BEGIN DATASET EXCERPTS
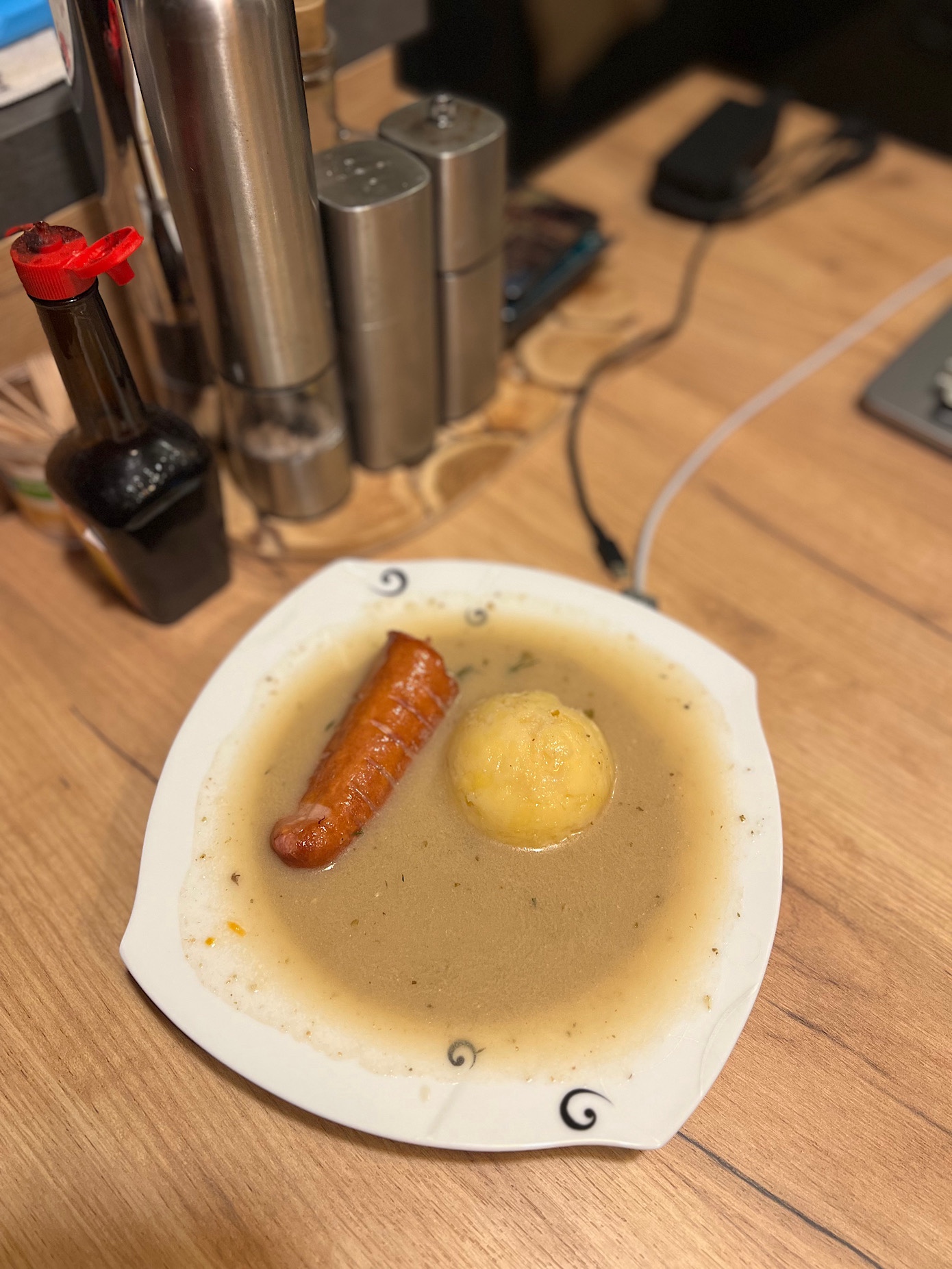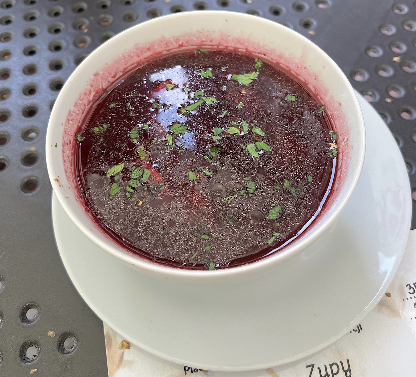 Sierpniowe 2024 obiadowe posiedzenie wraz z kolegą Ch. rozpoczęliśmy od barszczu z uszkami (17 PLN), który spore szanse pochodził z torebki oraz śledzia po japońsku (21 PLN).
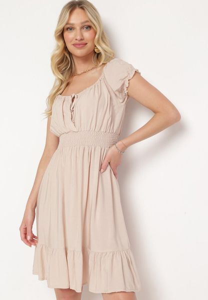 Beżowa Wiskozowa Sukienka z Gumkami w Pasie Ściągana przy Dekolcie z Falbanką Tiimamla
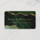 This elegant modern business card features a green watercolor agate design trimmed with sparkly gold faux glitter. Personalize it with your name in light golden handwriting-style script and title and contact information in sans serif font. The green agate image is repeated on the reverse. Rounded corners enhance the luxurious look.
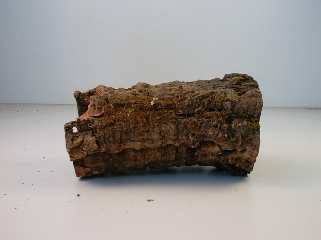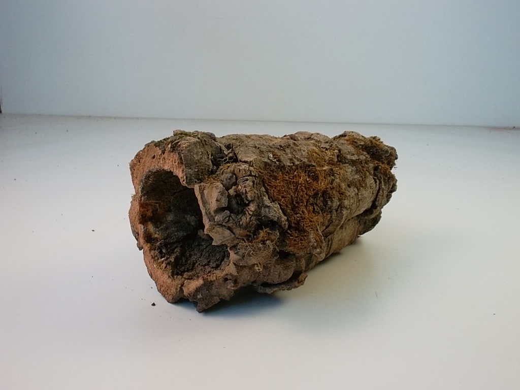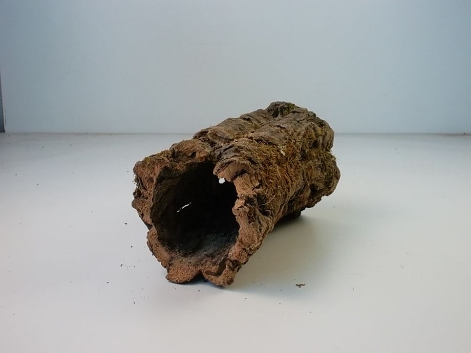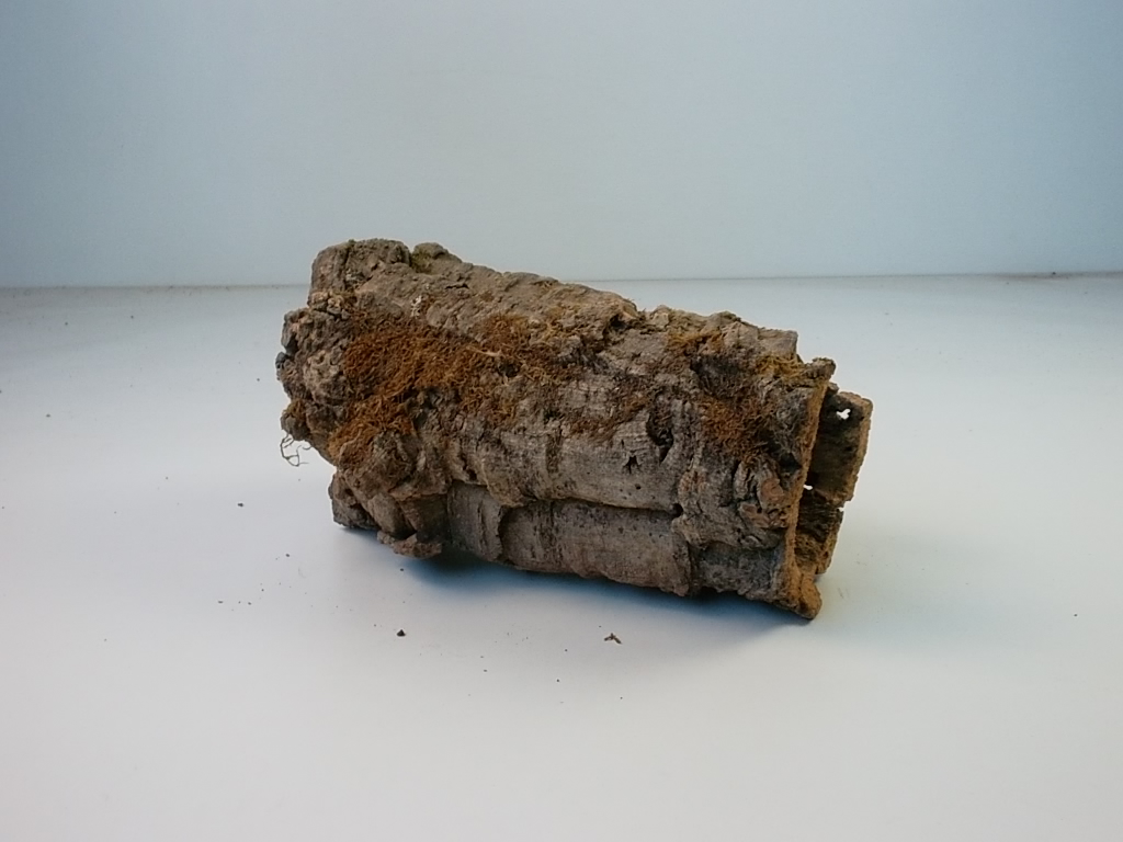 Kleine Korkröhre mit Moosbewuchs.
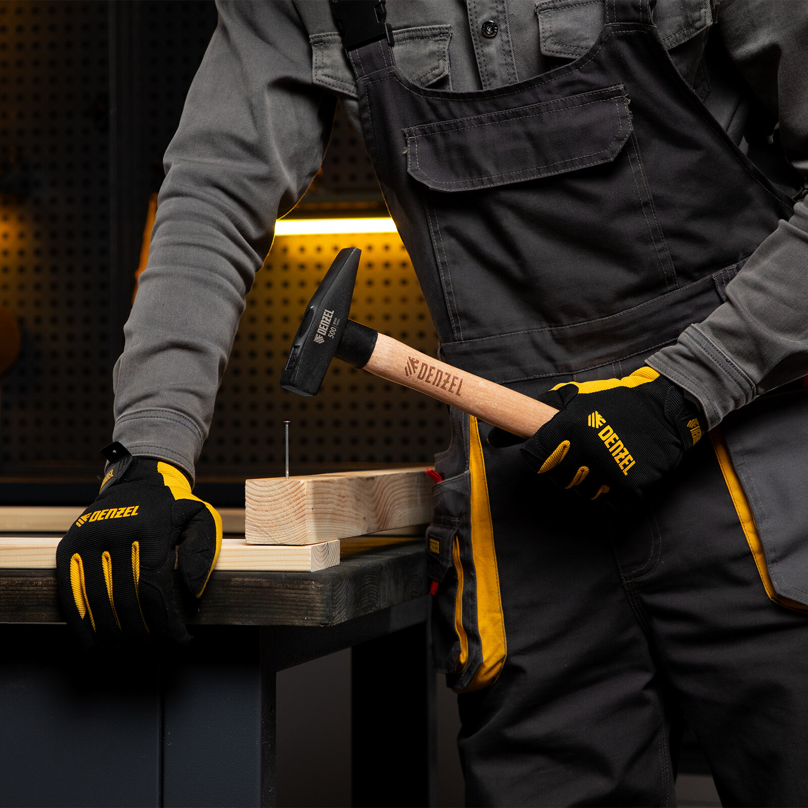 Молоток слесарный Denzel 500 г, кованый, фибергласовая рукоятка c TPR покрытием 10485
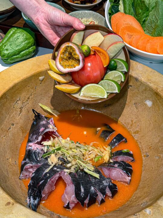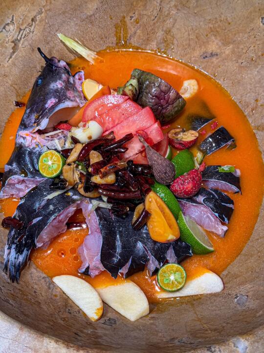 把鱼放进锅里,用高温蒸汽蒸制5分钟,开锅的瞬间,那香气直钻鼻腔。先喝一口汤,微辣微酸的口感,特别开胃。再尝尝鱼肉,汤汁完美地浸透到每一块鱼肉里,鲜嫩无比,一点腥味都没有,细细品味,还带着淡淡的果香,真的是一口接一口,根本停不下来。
END DATASET EXCERPTS
BEGIN DATASET EXCERPTS
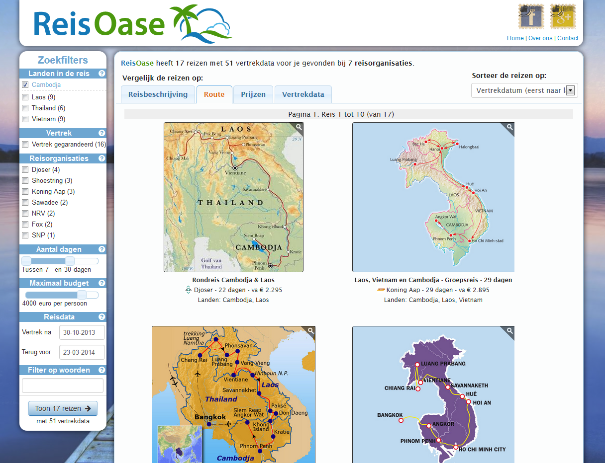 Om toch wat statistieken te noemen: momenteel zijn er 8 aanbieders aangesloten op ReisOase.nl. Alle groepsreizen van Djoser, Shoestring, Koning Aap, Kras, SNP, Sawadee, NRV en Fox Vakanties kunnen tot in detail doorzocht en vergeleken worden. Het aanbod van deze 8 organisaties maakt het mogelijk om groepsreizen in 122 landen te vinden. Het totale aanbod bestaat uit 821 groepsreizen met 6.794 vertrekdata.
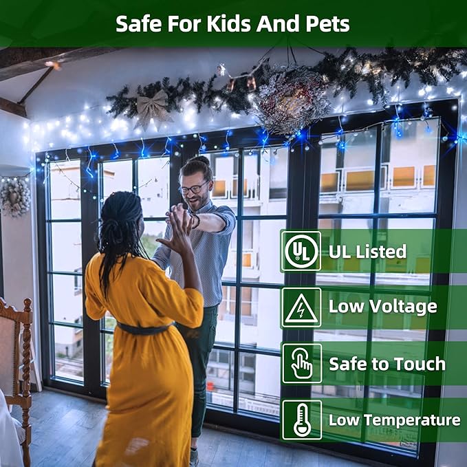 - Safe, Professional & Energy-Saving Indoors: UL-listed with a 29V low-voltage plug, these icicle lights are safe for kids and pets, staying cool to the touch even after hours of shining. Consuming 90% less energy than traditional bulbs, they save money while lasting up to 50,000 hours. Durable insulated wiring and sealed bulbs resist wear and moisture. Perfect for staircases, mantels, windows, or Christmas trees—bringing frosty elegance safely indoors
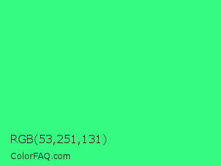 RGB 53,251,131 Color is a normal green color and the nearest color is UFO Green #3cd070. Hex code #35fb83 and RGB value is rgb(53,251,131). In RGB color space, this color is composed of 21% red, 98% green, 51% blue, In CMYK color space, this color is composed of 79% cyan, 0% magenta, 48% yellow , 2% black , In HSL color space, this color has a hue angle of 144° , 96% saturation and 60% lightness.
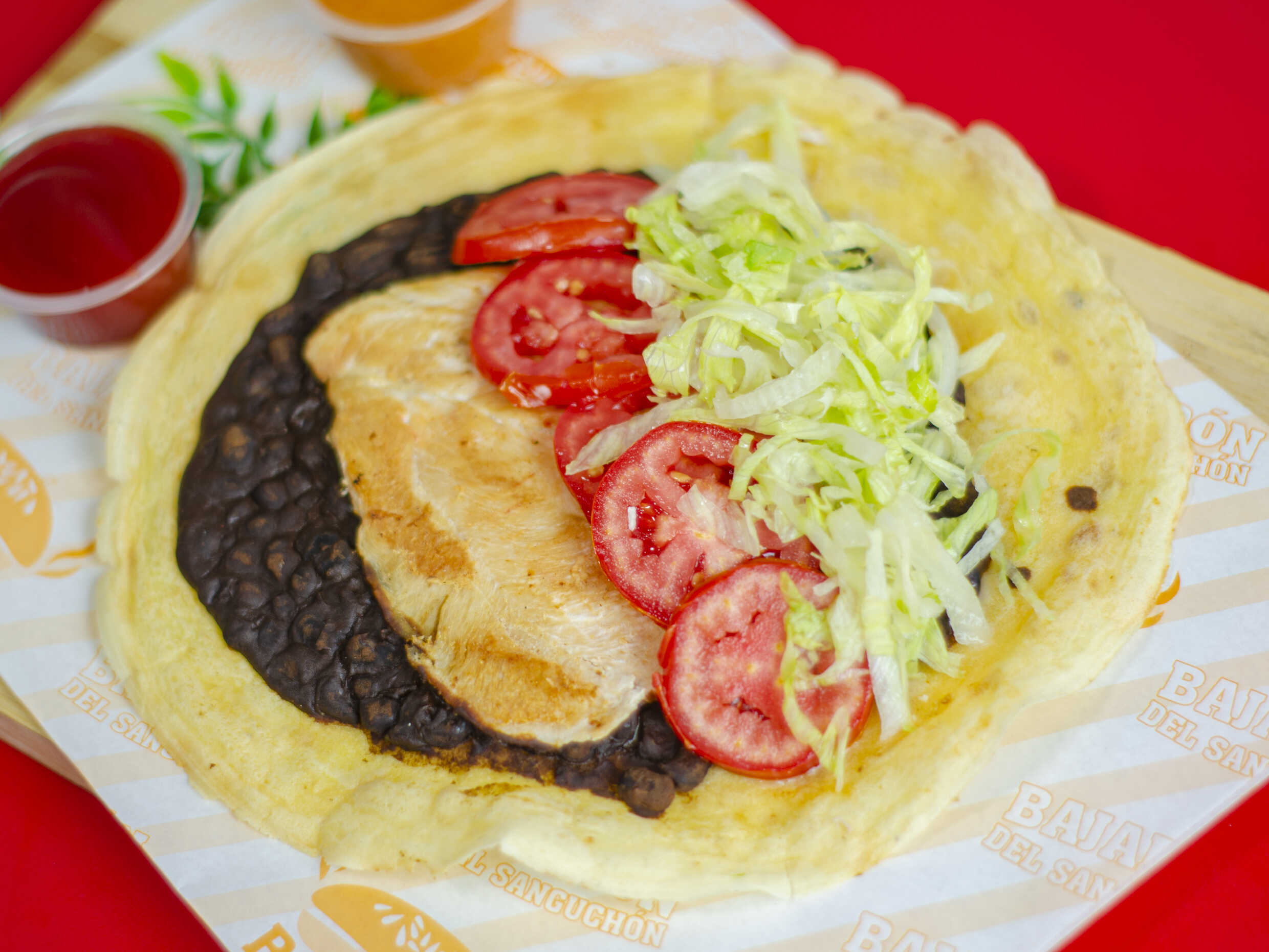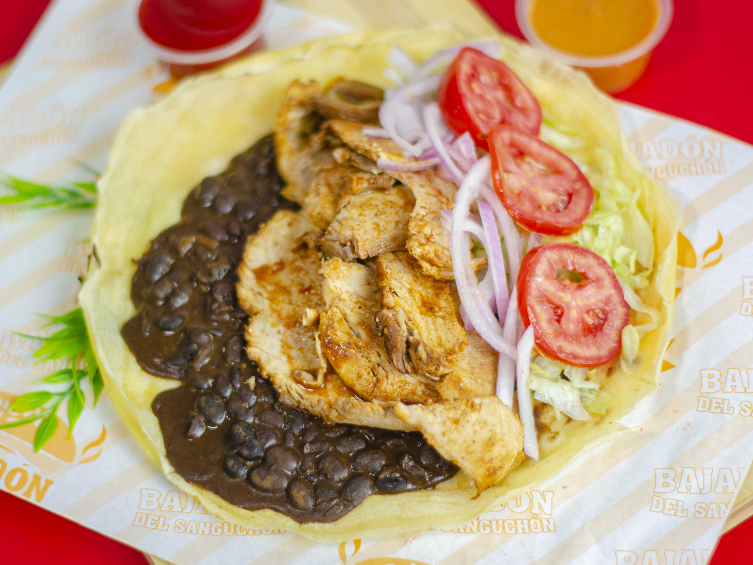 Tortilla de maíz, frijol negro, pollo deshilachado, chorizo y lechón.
END DATASET EXCERPTS
BEGIN DATASET EXCERPTS
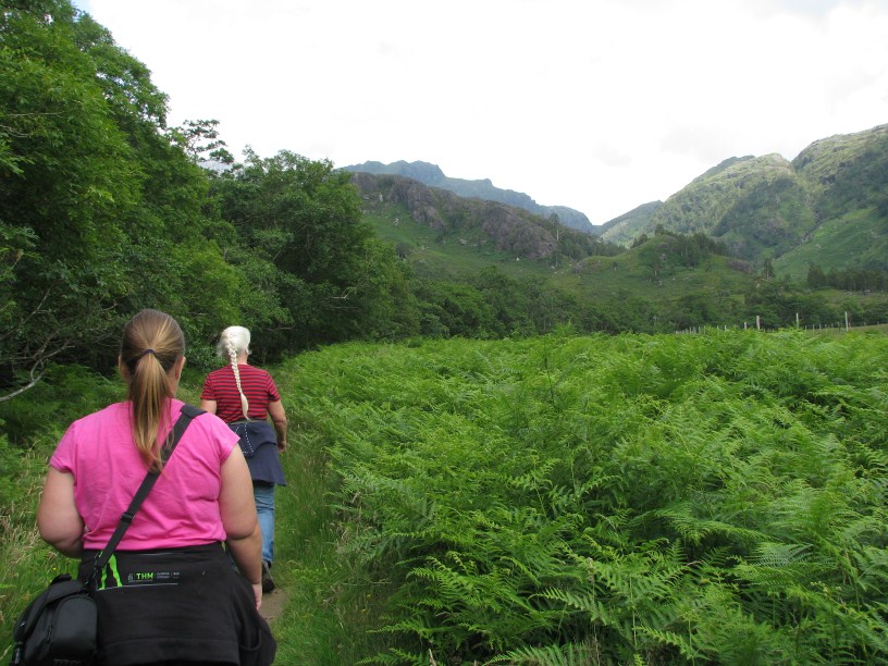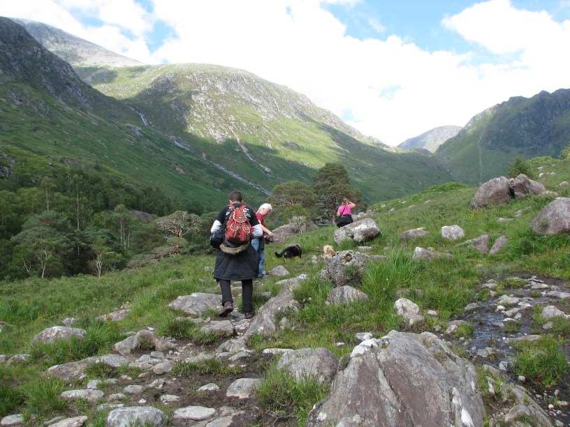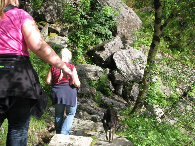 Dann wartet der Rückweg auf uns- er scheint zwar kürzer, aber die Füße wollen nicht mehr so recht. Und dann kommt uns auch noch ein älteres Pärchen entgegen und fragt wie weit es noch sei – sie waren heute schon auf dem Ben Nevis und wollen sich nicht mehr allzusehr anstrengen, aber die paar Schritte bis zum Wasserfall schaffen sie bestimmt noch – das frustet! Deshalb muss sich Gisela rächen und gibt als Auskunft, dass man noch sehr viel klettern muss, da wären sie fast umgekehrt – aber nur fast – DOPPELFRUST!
END DATASET EXCERPTS
# WHAT TO WORK ON:
Within the listing above, find the line containing "Молоток слесарный Denzel" and the line containing "把鱼放进锅里,用高温蒸汽蒸制". Transcribe them and everything between them exactly, leaving out the pictures.

# OUTPUT FOR THIS EXERCISE:
 Молоток слесарный Denzel 500 г, кованый, фибергласовая рукоятка c TPR покрытием 10485
 把鱼放进锅里,用高温蒸汽蒸制5分钟,开锅的瞬间,那香气直钻鼻腔。先喝一口汤,微辣微酸的口感,特别开胃。再尝尝鱼肉,汤汁完美地浸透到每一块鱼肉里,鲜嫩无比,一点腥味都没有,细细品味,还带着淡淡的果香,真的是一口接一口,根本停不下来。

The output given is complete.